Investment Opportunities in Tourism Attractions
New news is essential for destination marketing, particularly when it comes to developing regional tourism centres.
Products like Tasmania's Museum of Old and New Art (MONA) have raised the awareness of Austrlaia's regions to an international level. Tourism attractions can encourage dispersal of travellers to regional areas, leading to the development of complementary attractions, and ultimately changing the economic viability of regional areas.
The development of new tourism attractions exists in response to the overall appeal of a location, its population and visitor base, economic growth outlook and suitability for tourism development. Where these fundamentals intersect, the Australian Federal, and State and Territory Governments encourage innovative tourism development, with the private sector playing a pivotal role.
In fact, various State and Territory Governments have been involved with incentivising the development of attractions across Australia to stimulate tourism, including the South Australian Government’s contribution of $450 million towards the development of Adelaide Oval. The South Australian Government Financing Authority has also proposed a loan of up to $42 million to fund an adjacent 128-room Adelaide Oval Hotel, deeming the development an important addition to South Australia’s $6.7 billion visitor economy.
The 'MONA Effect'
An anchor tourism product can transform a fairly unknown town into a destination. This is perhaps best illustrated via the ‘MONA effect’ - the notion of having unique attractions, such as MONA, to attract people from around the world.
In January 2011, the now-acclaimed Museum of Old and New Art (MONA) opened on the outskirts of Hobart, prompting the capital to enjoy an art-inspired renaissance. Since opening, approximately 2 million people have walked through MONA’s doors, representing a game changer for the small capital of Hobart and Tasmania overall. The state’s tourism numbers surpassed the million mark for the first time in 2013, driving an expansion of the local accommodation capacity.
The prospect of close to 3,000 rooms due to be added to Hobart’s hotel accommodation over the next few years is very much related to the influx of tourists that MONA has attracted. Furthermore, these visitors are more likely to spend more on hotel accommodation, restaurants and attractions than the kind of visitors which Tasmania was attracting before the quirky museum’s opening.

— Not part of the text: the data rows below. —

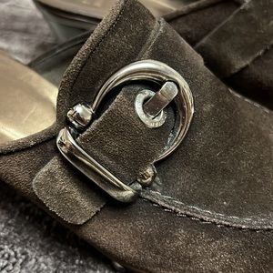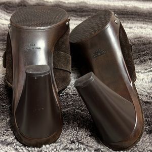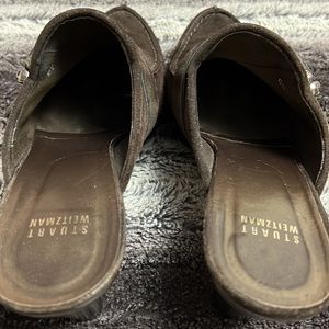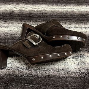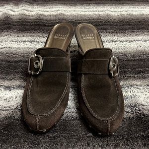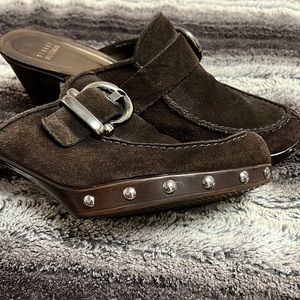 Stuart Weizmann Brown suede buckle studded clogs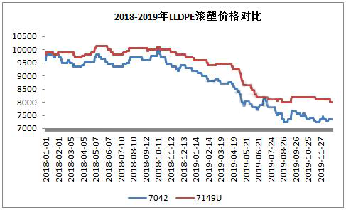 從圖中顯示,2018-2019年國內(nèi)滾塑料價格明顯高于普通線性,且價格差距逐步擴(kuò)大,2019年較普通線性高50-850元/噸。目前國內(nèi)聚烯烴行業(yè)產(chǎn)能過剩,國內(nèi)石化一直致力于高端產(chǎn)品研發(fā),搶占高端領(lǐng)域,以獲取較大利潤。從線性區(qū)域來看,由于產(chǎn)能過剩,7042價格近兩年一直處于下行通道,削減了石化利潤。線性行業(yè),近年來,研發(fā)主要方向集中在C8線性,茂金屬、滾塑料等,其中滾塑料做為一個分支,近年研發(fā)較多。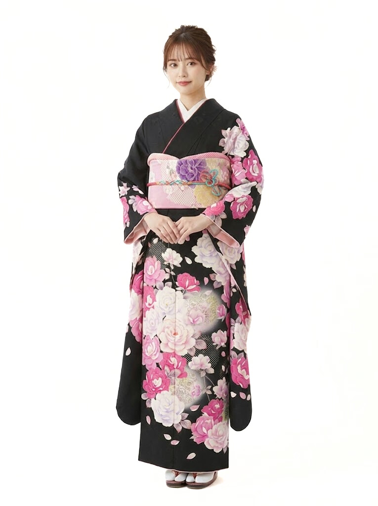 振袖|黒系|薔薇|対応身長:153-165cm|サイズ:7号-13号 |6S121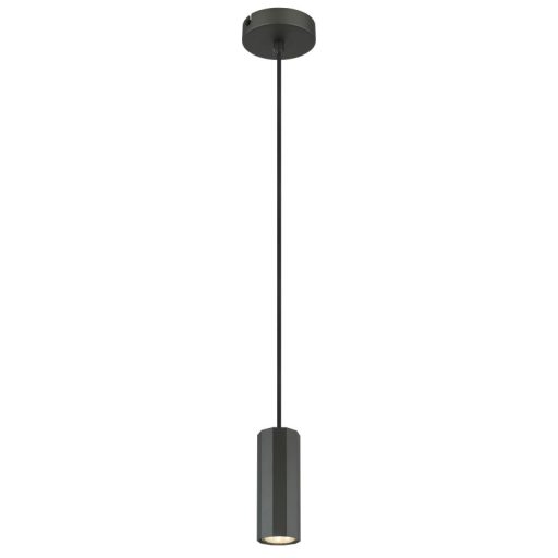 Függeszték fém szürke matt, alumínium szürke matt, kábel PVC fekete, magassága lerövidíthető, ø: 100mm, M: 1200mm, 1x GU10 25W 230V izzó nélkül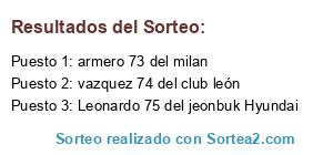 Lista de participantes: armero 73 del milan, vazquez 74 del club león, Leonardo 75 del jeonbuk Hyundai.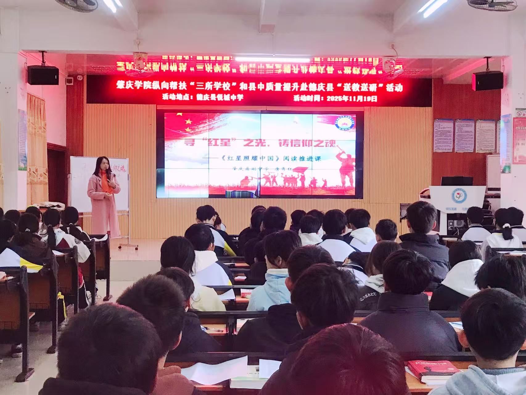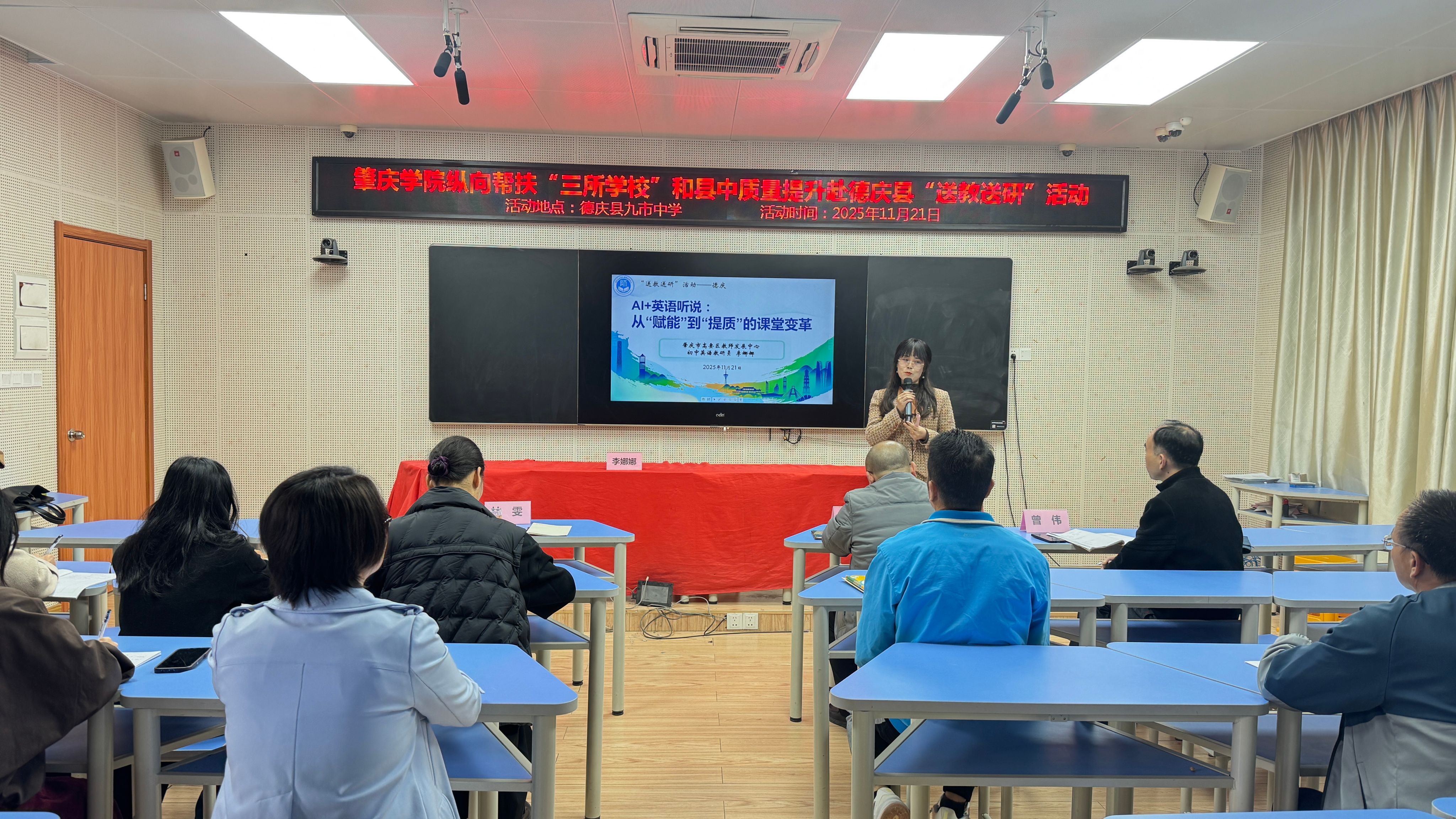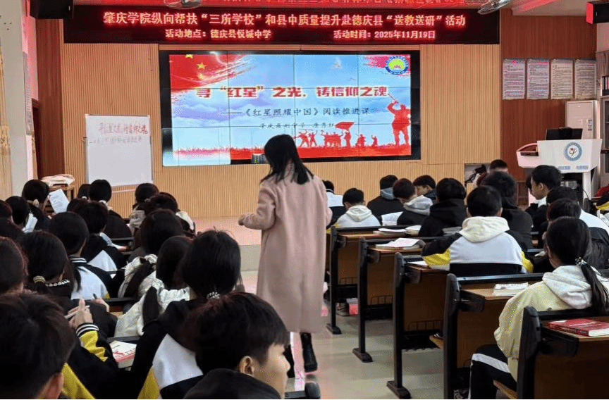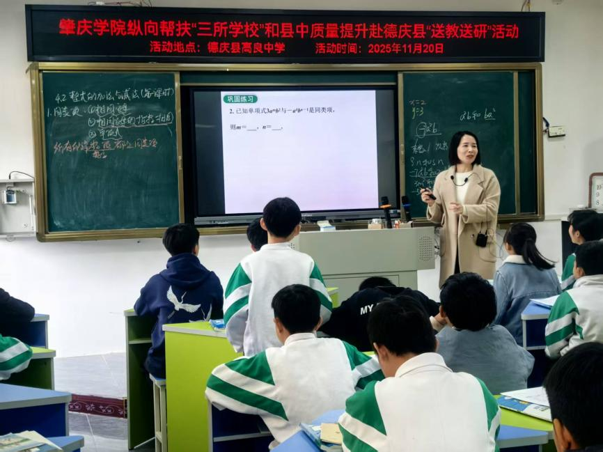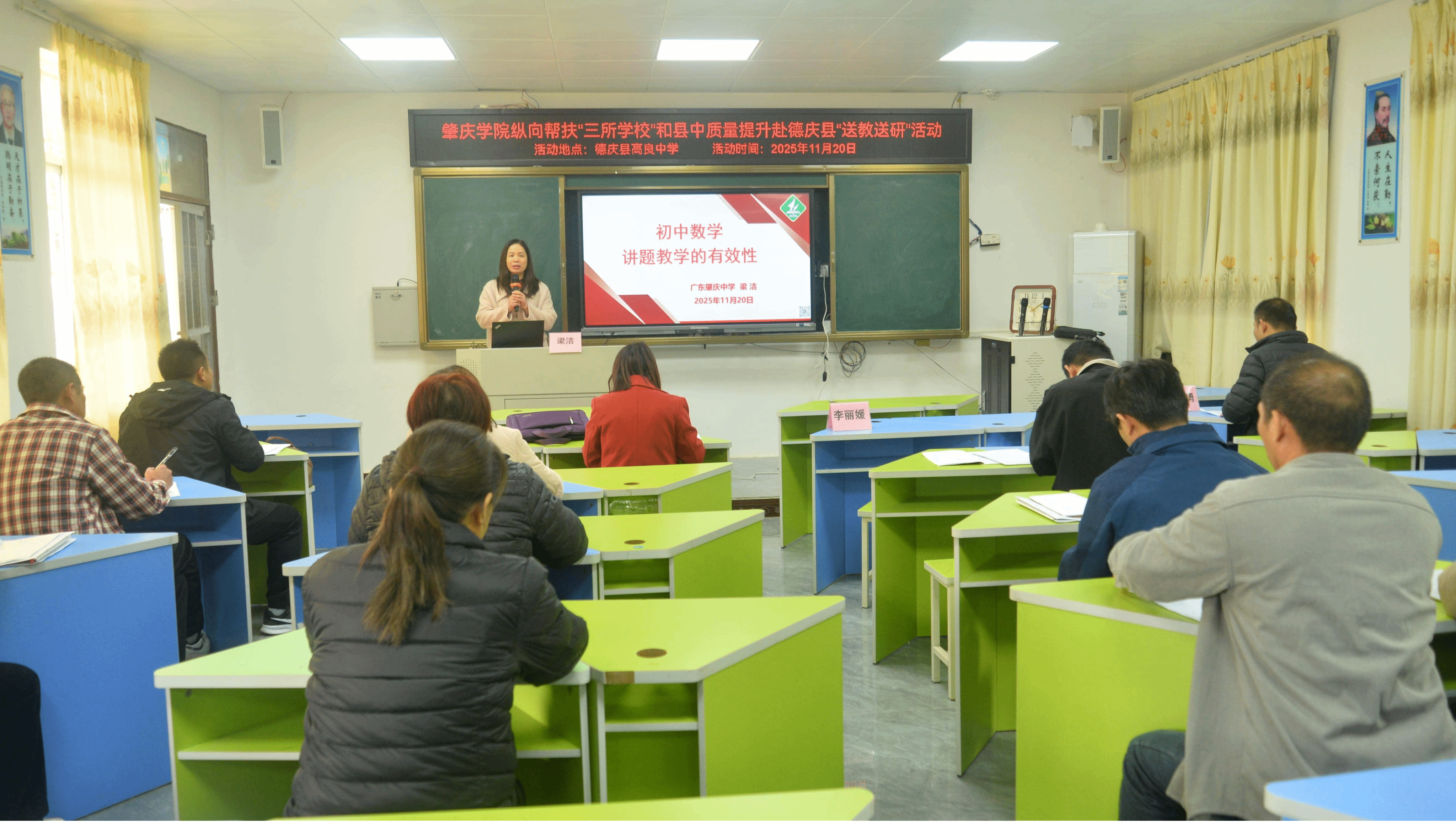 为深入落实广东省教育厅关于师范院校纵向帮扶欠发达地区“三所学校”和县中质量提升教育帮扶等系列文件精神,搭建城乡学科教研桥梁,肇庆学院联合肇庆市教师发展中心,组建语文、数学、英语三大学科教研员及一线骨干教师团队,于11月19日至21日赴德庆县悦城中学、高良中学、九市中学开展“送教送研”专项活动,以优质教育资源下沉助力县域教学质量提升。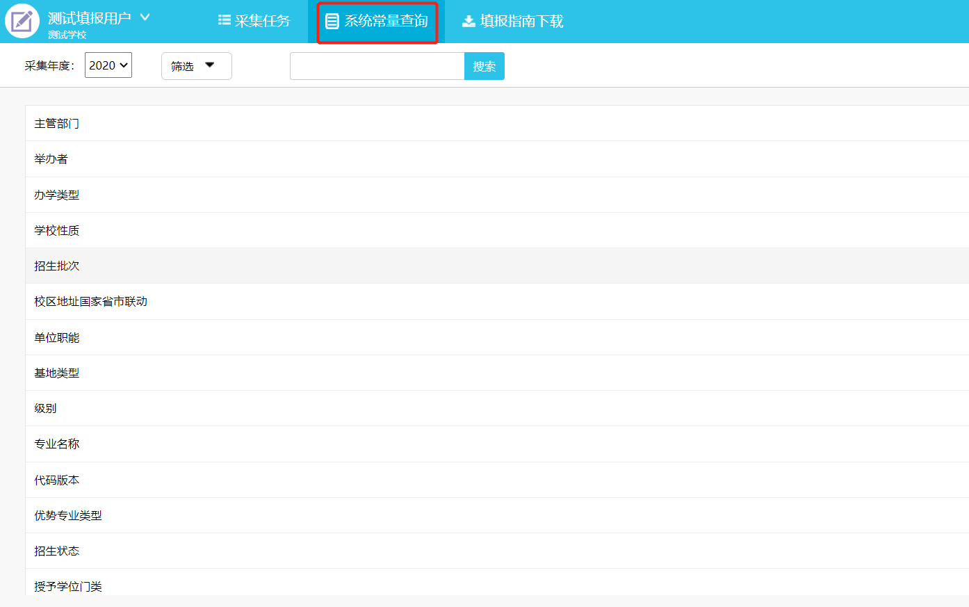 填报用户可以通过点击“系统常量查询”进行相关标准的代码,以及系统默认常量的查询,如图3-13,图3-14所示。

The latest development in this space is the $400 million development application which has been lodged by MONA for an on-site hotel project – a five-star, 176-room visual masterpiece comprising an outdoor concert stage, indoor theatre seating, day spa facility, conference rooms and an auditorium. Dining options will include a 180-seat public restaurant and 50-seat bar, in addition to a dedicated art centre featuring interactive art experiences for guests.